Comment by growse
2 years ago
Careful, some people will be along any second pointing out your approach limits your ability to use "grep" and "cat" on your log after recovering it to your pdp-11 running in your basement. Also something about the "Unix philosophy" :p
Seriously though, I think this is a great idea, and would be interested in how easy it is to write sqlite output adaptors for the various logging libraries out there.

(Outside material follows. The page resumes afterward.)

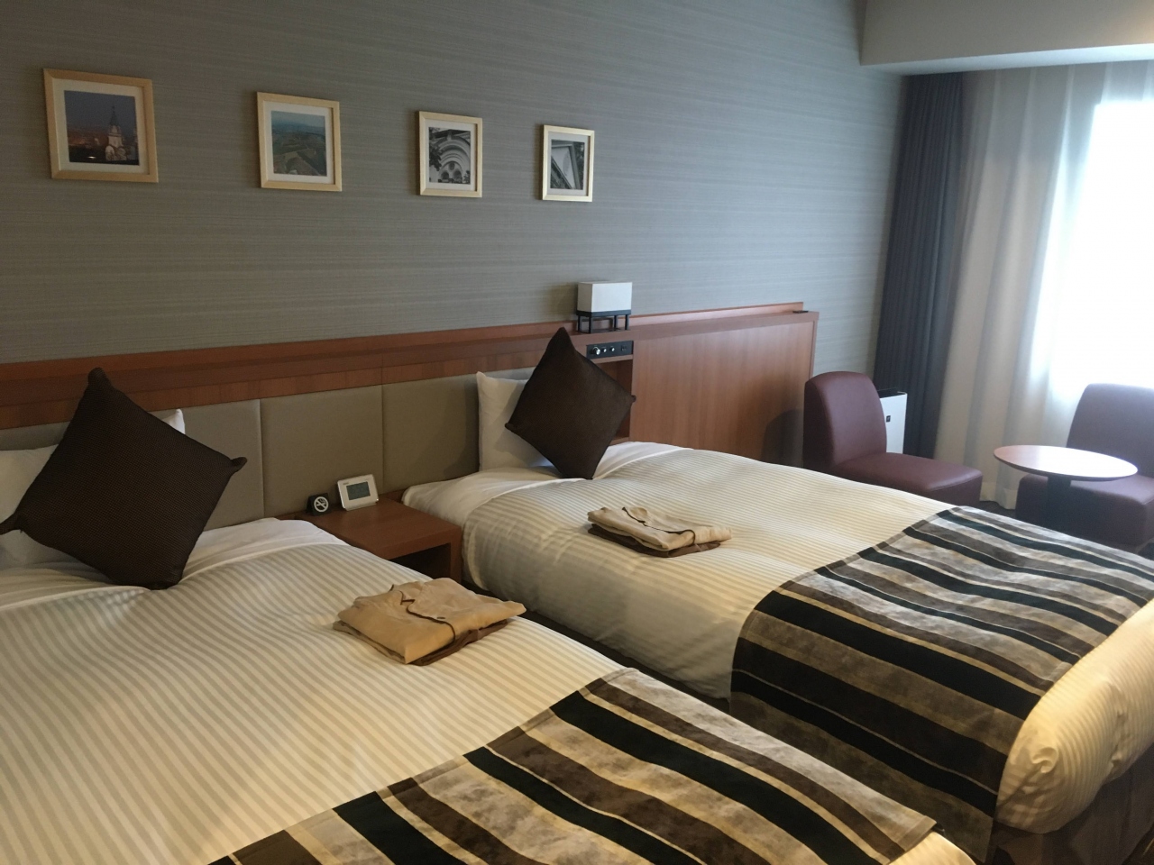 駅から徒歩8分、空港からのシャトルバスのバス停はホテルの目の前にあります。450円。駅から空港への路線バスだと300円で、かかる時間は変わりないので、お天気や元気次第で選ぶといいと思います。赤レンガ倉庫や朝市は徒歩5分以内、元町も10分程度で行けるので街中の観光は全て徒歩で出来ました。ホテル自体も高級で、ロビー、大浴場、お部屋、全てきれいに清掃されていました。部屋のwifiもさくさく使えて快適、従業員の方も気持ちのいい対応でした。ただ、古いせいか他の部屋のトイレやシャワーなど、水音が部屋の中に結構響きます。何かの機械音も夜中響いたり止んだりで結構気になりました。2日目、空調をつけて休んだら機械音は止んだので、他の部屋の空調関係の音だったのかもしれません。

> some people will be along any second pointing out your approach limits your ability to use "grep" and "cat" on your log
And they won’t be wrong.
Unix philosophy still applies
sqlite3 logs.db "select log from logs" | grep whatever
by the same argument the systemd binary logs also follow the unix philosophy
2 replies →
How would you tail or watch a sqlite log? (on a pdp-11 if necessary :)
Write a program using
https://www.sqlite.org/c3ref/update_hook.html
On a PDP-11, run this program via telnet, rsh, or rexec.
If you're more ambitious, porting SQLite to 2.11BSD would be a fun exercise.
Update hook doesn't trigger if the write happened from a different process.
2 replies →
`watch -n 5 sqlite3 logs.db "select log from logs" | grep whatever`
Just what I wanted, additional overhead and a five-second delay.
> Careful, some people will be along any second pointing out your approach limits your ability to use "grep" and "cat" on your log after recovering it
I wish Splunk and friends would have an interface like that. Sure it does basic grep, and it is a much more powerful language, but sometimes you just needed some command line magic to find what you wanted.
I've learned so much about Splunk this month. I hate it. The UX is hot garbage. Why are settings scattered everywhere? Why does a simple word search not return any results? Why is there no obvious way to confirm data is being forwarded; like actual packets, not just what connections are configured.
Is there a way to mount the sqlite tables as a filesystem?